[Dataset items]

^^^^^^^^

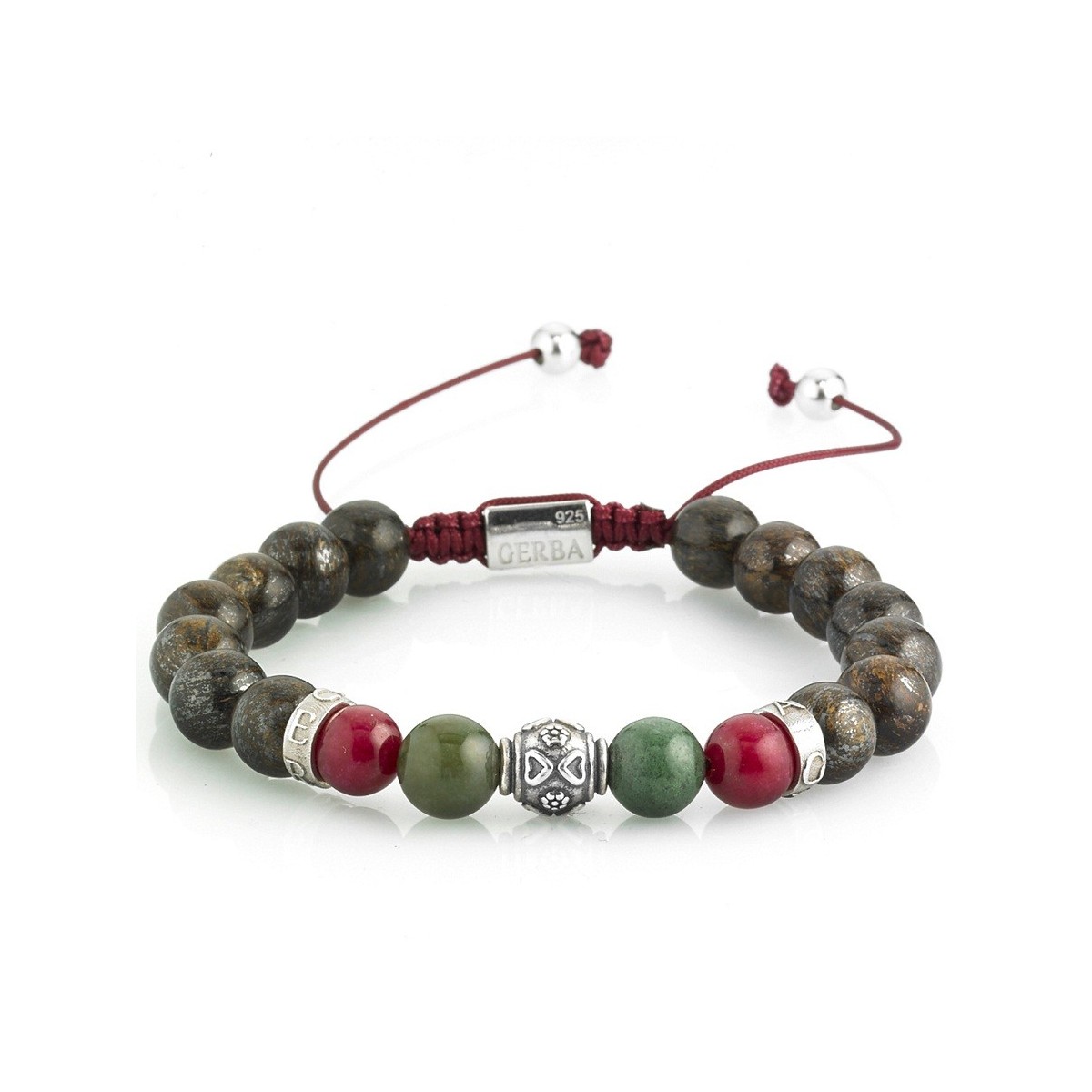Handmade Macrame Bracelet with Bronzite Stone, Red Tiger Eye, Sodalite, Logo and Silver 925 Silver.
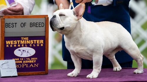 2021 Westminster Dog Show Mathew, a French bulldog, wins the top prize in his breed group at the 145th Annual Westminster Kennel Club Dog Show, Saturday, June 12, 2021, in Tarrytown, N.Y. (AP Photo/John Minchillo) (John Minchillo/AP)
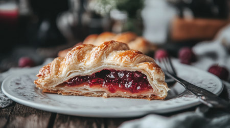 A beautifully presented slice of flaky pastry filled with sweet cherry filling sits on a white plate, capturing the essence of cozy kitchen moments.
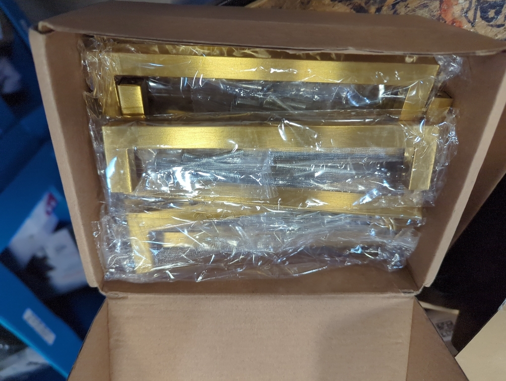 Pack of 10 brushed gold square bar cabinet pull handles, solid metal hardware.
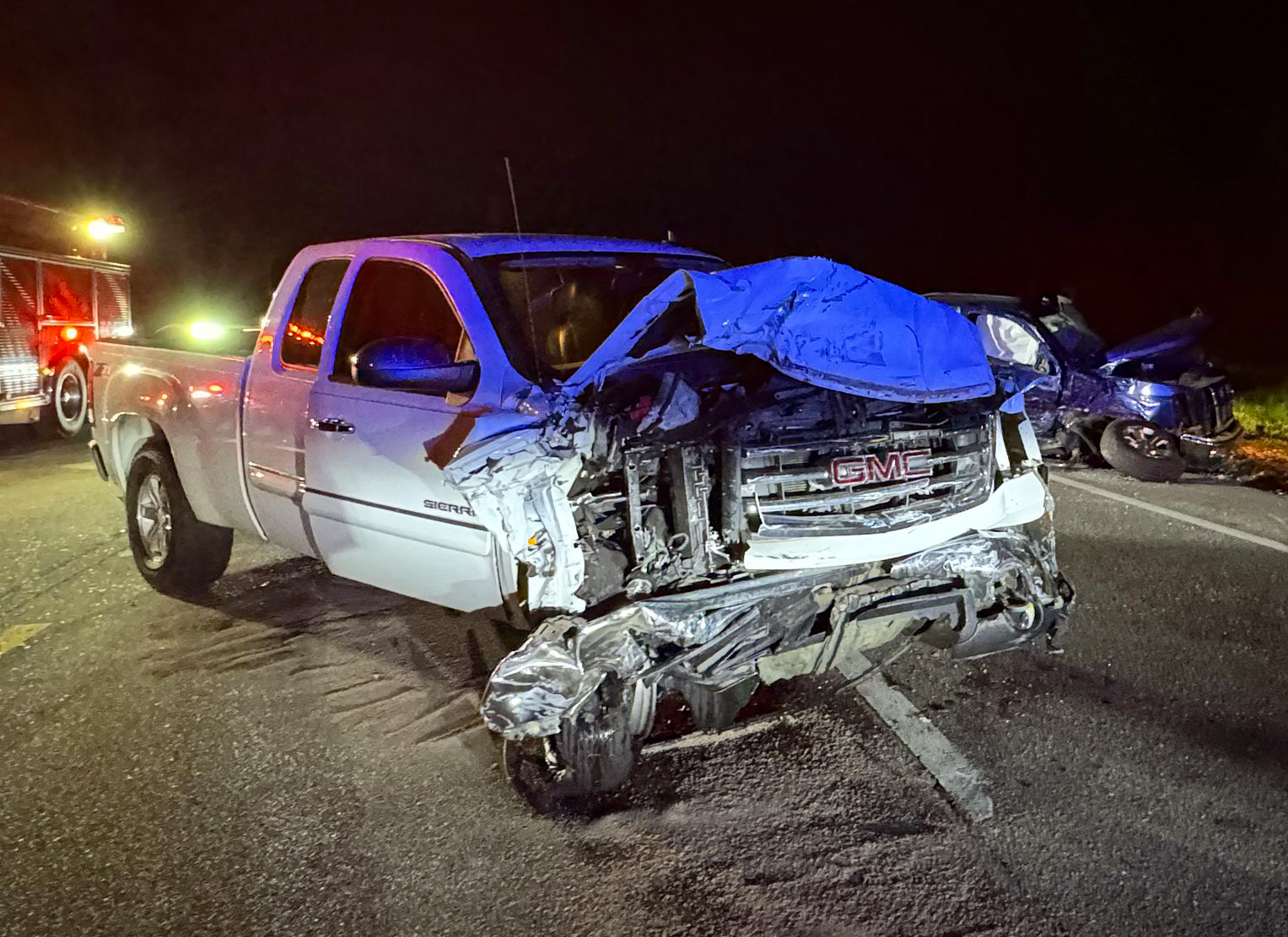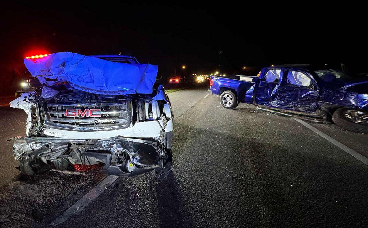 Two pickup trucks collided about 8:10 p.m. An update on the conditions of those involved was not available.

^^^^^^^^

WORK REQUEST
Your task is to restate word for word the lines from the top of the data to the line containing "A beautifully presented", both ends included, with every picture left out.

ANSWER TO THE EXERCISE
Handmade Macrame Bracelet with Bronzite Stone, Red Tiger Eye, Sodalite, Logo and Silver 925 Silver.
 2021 Westminster Dog Show Mathew, a French bulldog, wins the top prize in his breed group at the 145th Annual Westminster Kennel Club Dog Show, Saturday, June 12, 2021, in Tarrytown, N.Y. (AP Photo/John Minchillo) (John Minchillo/AP)
 A beautifully presented slice of flaky pastry filled with sweet cherry filling sits on a white plate, capturing the essence of cozy kitchen moments.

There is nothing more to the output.